Mr. Frank Field (Birkenhead) (Lab): Many of us are concerned about how the Bill does or does not take forward the issue of euthanasia. Will my hon. Friend give the House an undertaking that if any of those people who do not, perhaps, have the capacities that most of us normally have are to have any of their rights infringed, they will have someone who acts as a champion for them and they will be able to go to an outside tribunal before any detrimental decision is made in "their interests"?
Mr. Lammy: We have ensured that an independent consultee will assist with decisions involving health and welfare, put the best interests of the person who lacks capacity at the centre of decision making and established a new court of protection. Given all the safeguards that we have put into the Bill, which no doubt we shall scrutinise in detail, we have been able to proceed without setting up a separate tribunal system. I shall now make some progress.
I have said that we renamed the Bill the Mental Capacity Bill to emphasise its focus on enablement. We included a set of key principles to frame the Bill. We reworked the clauses surrounding acts in connection with care and treatment, to make their purpose clear. We made it clear that the court would set clear limits on the authority of deputies. We followed the recommendation to bring into statute legislation on advance decisions to refuse treatment, with clearer and tighter safeguards. We included provisions on research as it suggested, again with strict safeguards. The Joint Committee agreed that concerns linking the Bill with euthanasia appear to be misplaced, but it thought that it would be helpful to include additional reassurances in the legislation, and we have done so.

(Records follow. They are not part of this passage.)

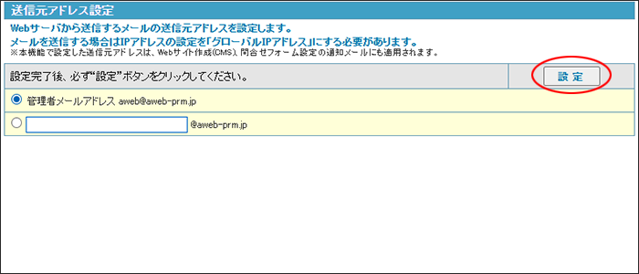 | 管理者メールアドレス | 管理者メールアドレスが、Webサーバから送信するメールの送信元アドレスに設定されます。 |
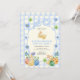 Convite de brunch de Páscoa e caça ao ovo com coelhinhos fofos. Ilustração em aquarela de coelhos, flores de primavera e ovos, e moldura com laço em fundo xadrez azul bebê. Você pode personalizar o convite com seu texto.
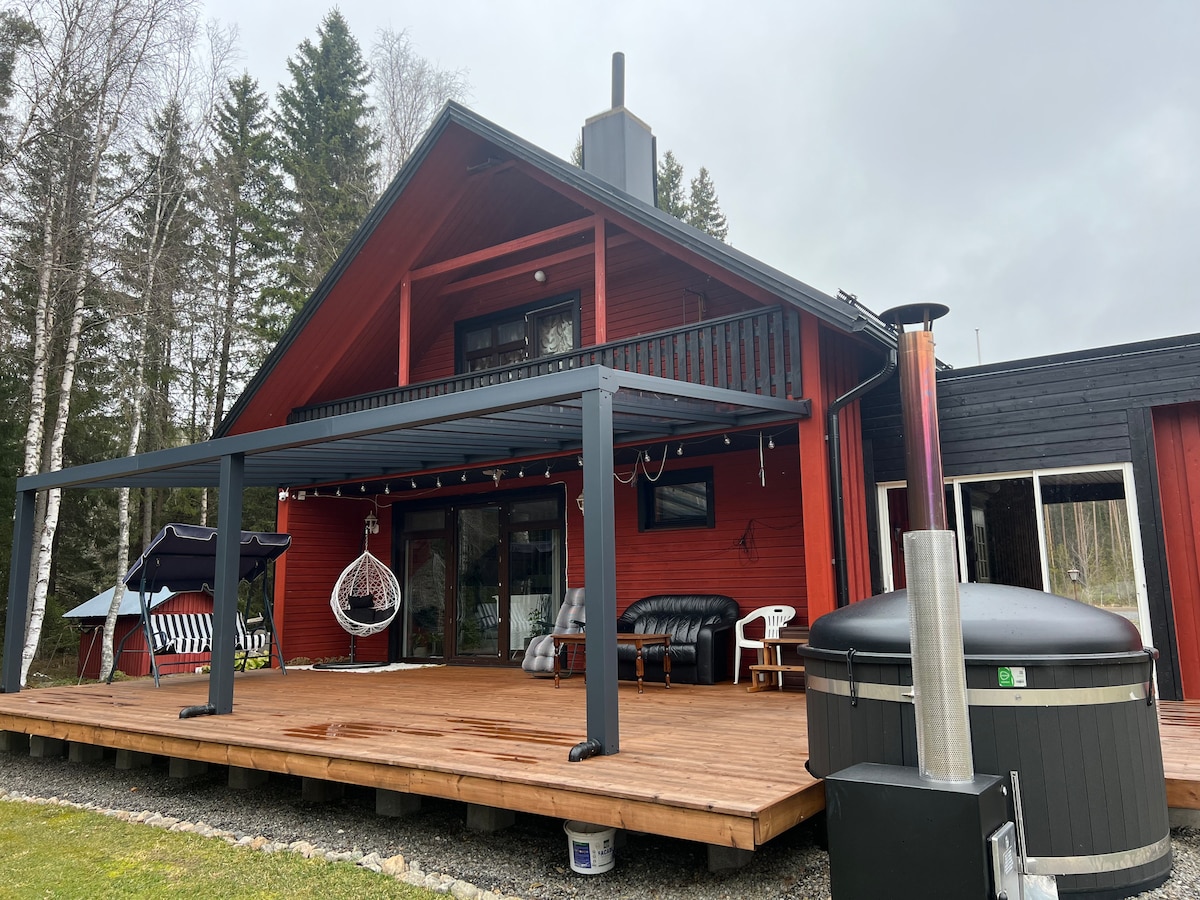 पार्क ऑफ रोडमध्ये शांतपणे स्थित कॉटेज. जर तुम्ही नैसर्गिक शांती आणि उत्तम जॉगिंग टेरेन शोधत असाल तर तुमच्यासाठी/तुमच्या कुटुंबासाठी येथे एक उत्तम पर्याय आहे. - खूप सुसज्ज स्की ट्रेल्स सुमारे 200 मीटर अंतरावर आहेत - स्नोमोबाईल सुमारे 200 मीटर अंतरावर सुरू होते - फ्रिस्बीगोल्फ्राटा - हिवाळ्यात, आईस स्विमिंगची शक्यता देखील असते - स्की रिसॉर्टपासून दूर एक लहान ड्राईव्ह - उन्हाळ्यात उत्तम हायकिंग टेरेन आणि बीच कॉटेजमध्ये इलेक्ट्रिक कार चार्जिंगचा पर्याय नाही!
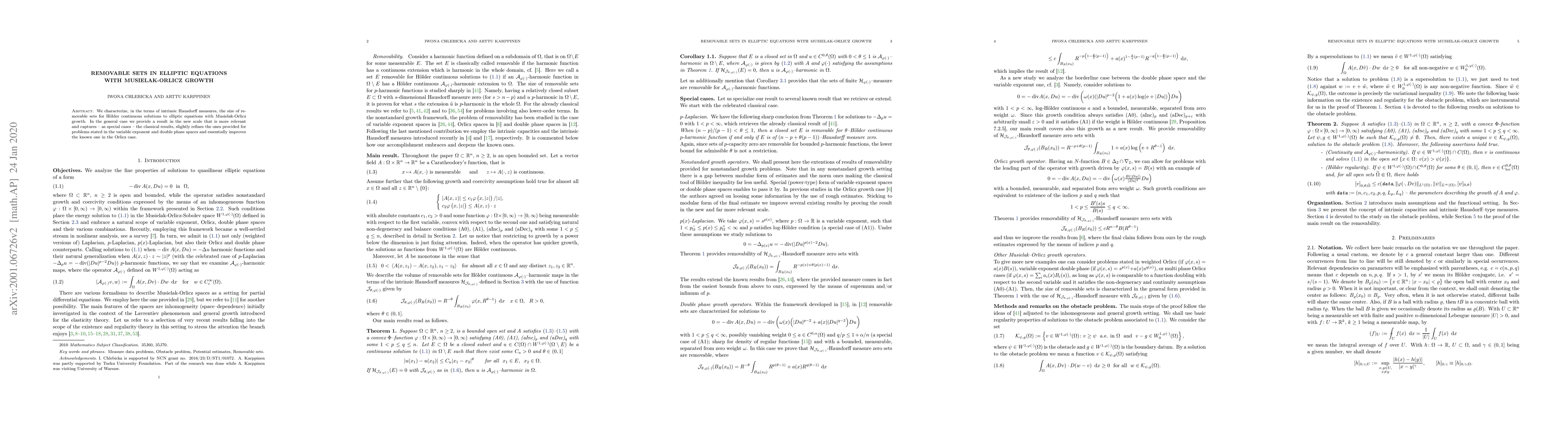 This paper characterizes the size of removable sets for Hölder continuous solutions to elliptic equations with Musielak-Orlicz growth using intrinsic Hausdorff measures. It provides a refined measure that generalizes classical results and improves upon existing findings in the Orlicz case.
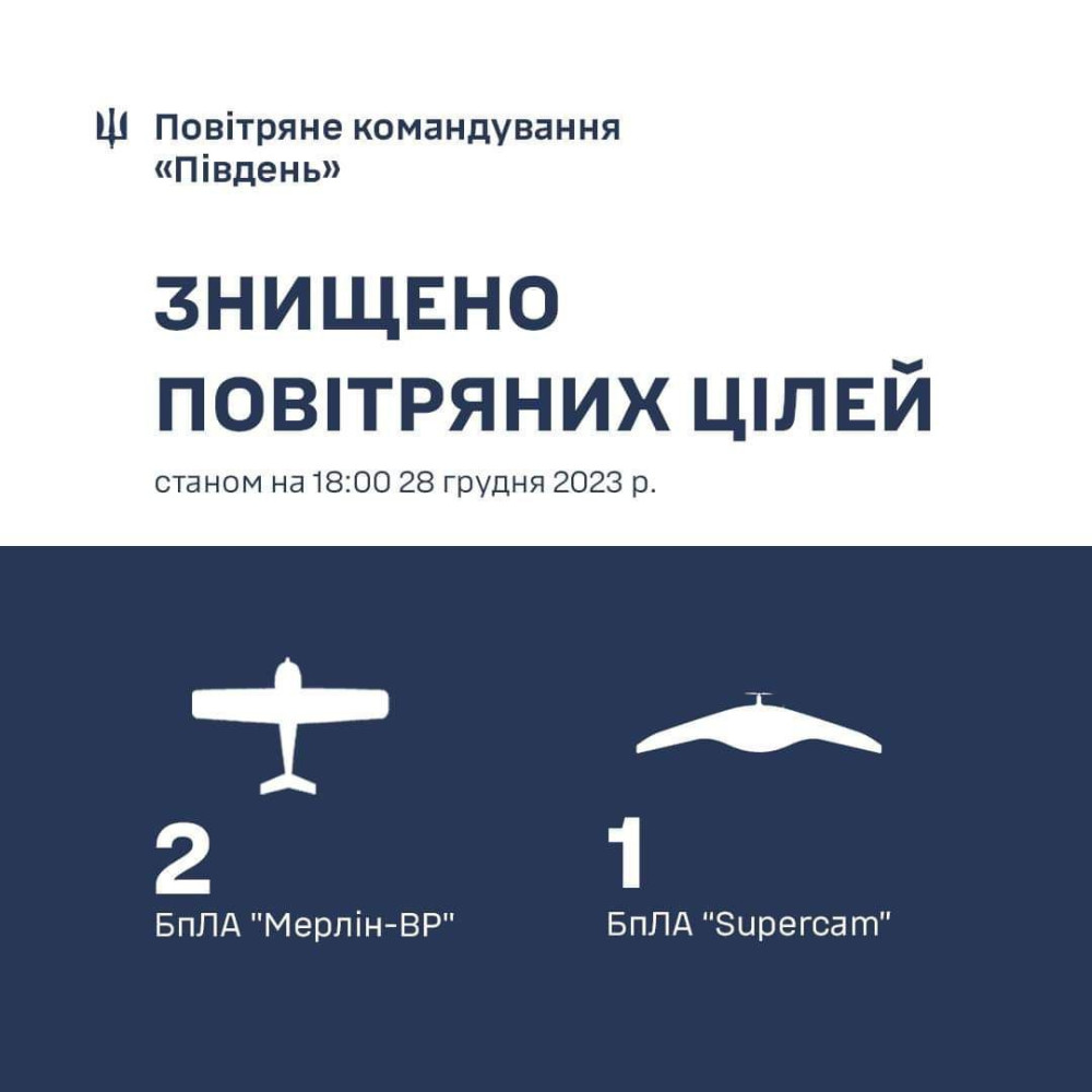 Три ворожі розвідувальні безпілотники збили Сили оборони над південними областями 28 грудня. Про це повідомило повітряне командування «Південь». Безпілотні літальні апарати «Мерлін-ВР» і Supercam знищили українські захисники над Херсонською областю, ще один «Мерлін-ВР» — над Миколаївською. СМЕРТЬ РОСІЙСЬКИМ ОКУПАНТАМ! Помітили помилку? Виділяйте слова з помилкою та натискайте control-enter |
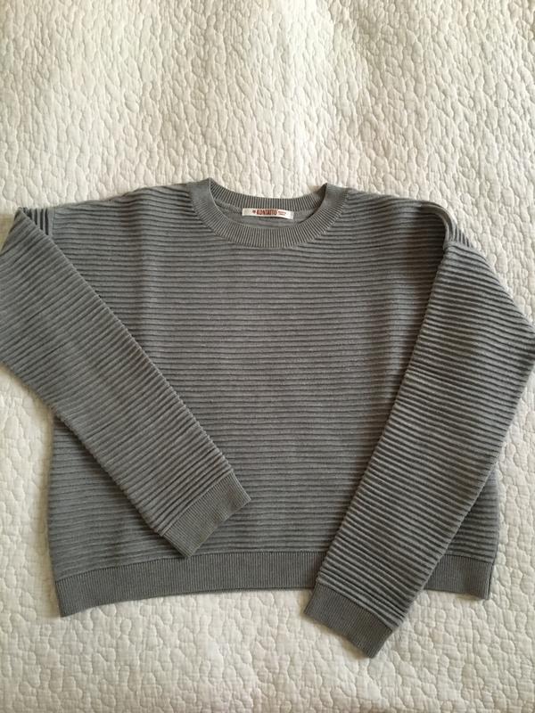 Серая ,,гофрированная ’’кофта.Классно смотрится с блузкой или футболкой,которая длиннее кофты без дефектов,не растянута!Куплена в Италии ширина кофты 51 см.подойдёт как на размер S,так и М
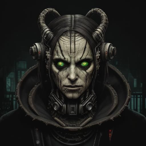 This image shows a demonic close-up in a dark, unsettling liminal space, created in an analog horror style. The image includes glitch effects, scan lines and elements of cyberpunk and biopunk aesthetics.
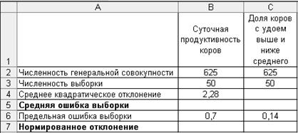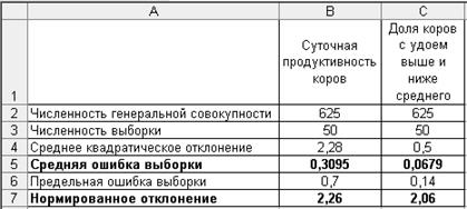 2. Рассчитайте среднее квадратическое отклонение для доли коров с удоем выше и ниже среднего. Для этого вставьте в ячейку С4 математическую функцию =КОРЕНЬ(0, 5*(1-0, 5)). 3. Рассчитайте средние ошибки выборки среднего суточного удоя молока и доли коров с удоем выше среднего. 3.1.Вставьте в ячейку В5 математическую функцию =КОРЕНЬ(B4^2/B3*(B2-B3)/(B2-1)). 3.2. Скопируйте ячейку В5 в ячейку С5. 4. Рассчитайте нормированные отклонения для среднего суточного удоя молока и доли коров с удоем выше среднего. 4.1.Введите в ячейку В7 формулу =B6/B5. 4.2. Скопируйте ячейку В7 в ячейку С7. Результаты решения выводятся на экран дисплея в следующем виде (рис. 4.36).
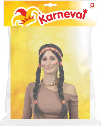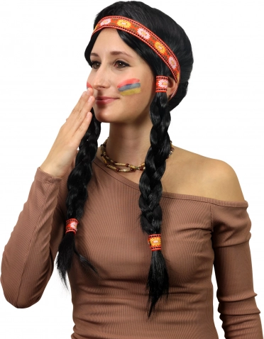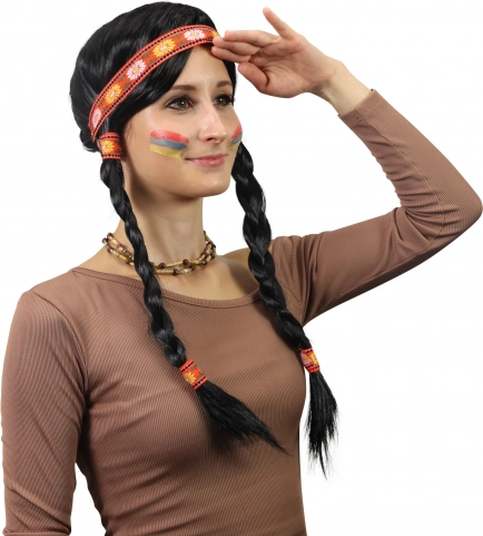 Zur Perücke gehören ein stilvolles Stirnband und gemusterte Bänder an den Zöpfen, die den indianischen Look betonen und dem Kostüm einen einzigartigen Charakter verleihen.
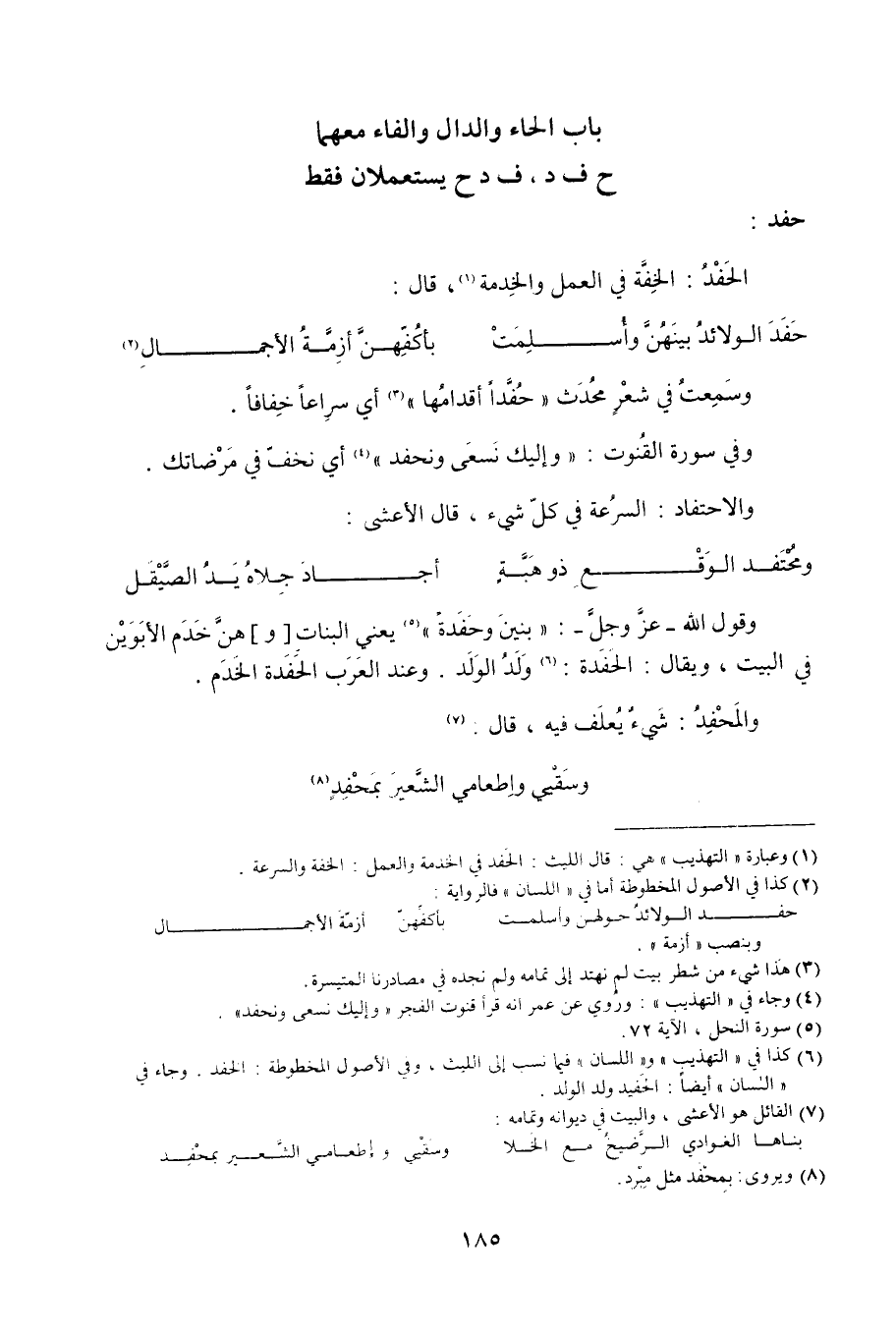 (6) كذا في التهذيب واللسان فيما نسب إلى الليث، وفي الأصول المخطوطة: الحفد. وجاء في اللسان أيضا. الحفيد ولد الولد.

I now want to say why the Bill is so important. First, it is about the rights of the individual person. It starts by saying that individuals should be assumed to be capable of making decisions, and helped to make them. If they cannot make them, the Bill says that each decision or act under the Bill must be based on the "best interests" of the individual. Secondly, the law is unclear, and the Joint Committee agreed that we needed to clarify the law as it affects day-to-day life. Thirdly, the Bill makes it clear that relatives and carers should be consulted when other people do things without consent to someone who lacks capacity. Hon. Members will know from their own constituents that this does not always happen. People come to us and say that something has happened, and that the person concerned did not have consent. We have tightened up those provisions. Fourthly, the Bill clarifies what can be done, and who can do it, when someone lacks mental capacity, and emphasises that they must act in that person's best interests.